À mesure que les projets comme celui de l’Université de Windsor avanceront, l’industrie pourra évaluer concrètement les performances réelles de ces bâtiments imprimés : durabilité à long terme, confort des occupants, coûts globaux de possession. Ces retours d’expérience seront précieux pour affiner encore la technologie et convaincre les derniers sceptiques.
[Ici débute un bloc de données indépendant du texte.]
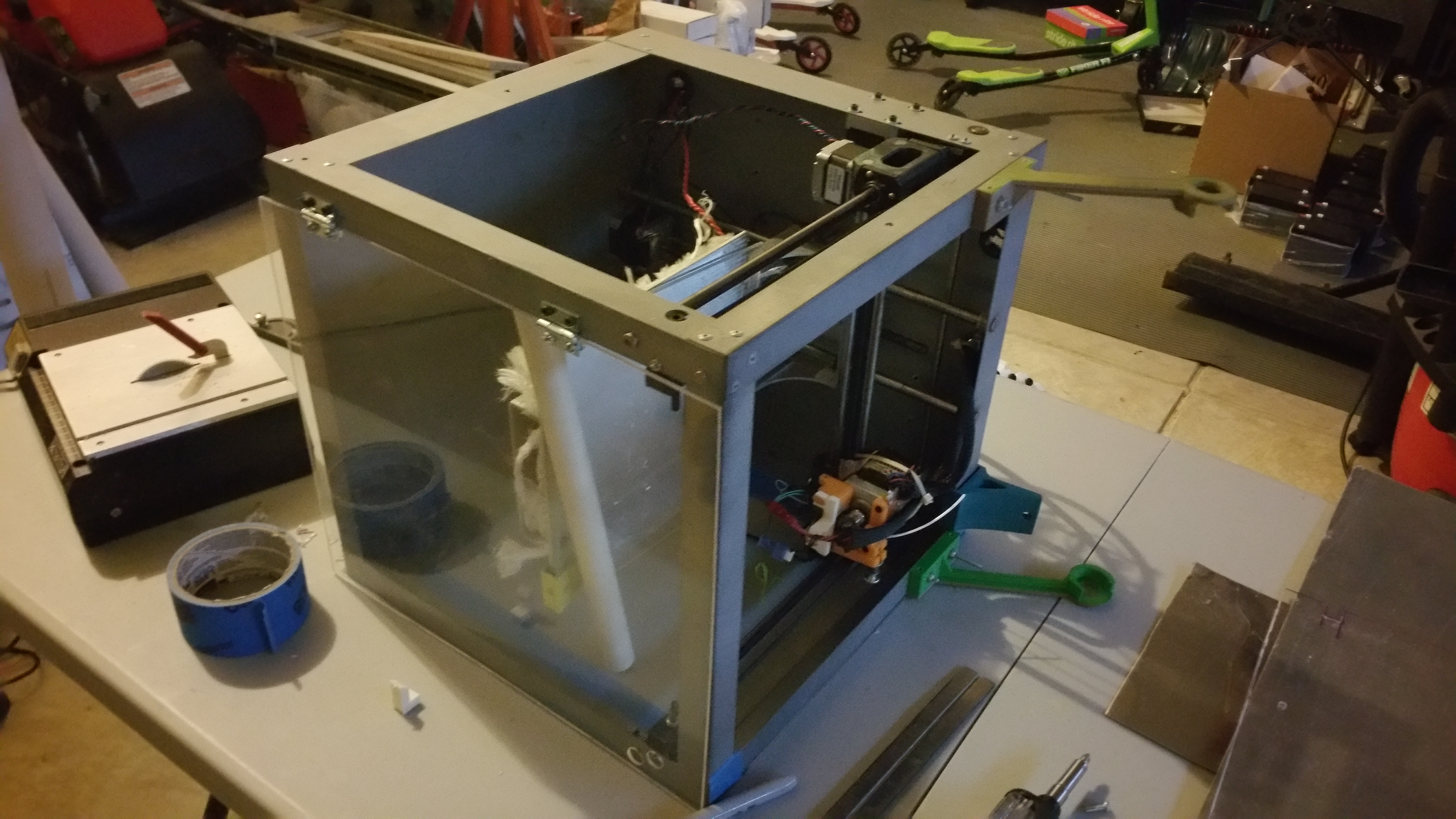 And the saga continues. Here’s the old SD3 lying on its side with the acrylic side I had cut 3 years ago removed. Ready to cut out aircraft grade aluminum (yes, I have a lot of it and yes it’s left over from building a plane), is the metal replacement. Why? Why because if I decide to mount a laser in there I don’t want to go blind. That’s why. The walls should be on tomorrow and the board installed. With any luck we can test for motion. I have to design and install a replacement hot end mount in the original carriage before printing can begin. I’m going to use a Bowden set up so that I have room on the carriage for the laser. +Ray Kholodovsky is going to like that hooked up as the optional extruder.

Le parcours d’Aretek montre également qu’une startup peut jouer un rôle de catalyseur au sein d’un secteur traditionnel. En ne se limitant pas à la technologie pure mais en embrassant l’ensemble des défis – humains, réglementaires, opérationnels – l’entreprise se positionne comme un partenaire de transformation plutôt qu’un simple fournisseur d’équipement.

Dans les années à venir, on peut espérer que d’autres initiatives similaires émergeront, enrichissant le paysage canadien de l’innovation en construction. La combinaison de politiques publiques favorables, de partenariats académiques solides et d’entrepreneurs visionnaires comme ceux d’Aretek pourrait bien accélérer la transition vers une industrie plus verte, plus rapide et mieux adaptée aux besoins du XXIe siècle.

La route reste longue avant que nos quartiers ne se remplissent de bâtiments imprimés en 3D, mais les fondations sont désormais posées. Grâce à des acteurs déterminés à poursuivre l’excellence, la construction de demain se dessine aujourd’hui, une couche de béton à la fois.

Ce mouvement vers la construction additive reflète une évolution plus profonde de notre rapport à l’environnement bâti. Il invite l’ensemble des parties prenantes – promoteurs, architectes, ingénieurs, décideurs publics et travailleurs – à repenser les processus pour les rendre plus efficaces, plus inclusifs et plus respectueux de la planète. Aretek incarne cet esprit d’innovation responsable qui pourrait, à terme, contribuer significativement à résoudre certains des grands défis sociétaux de notre époque.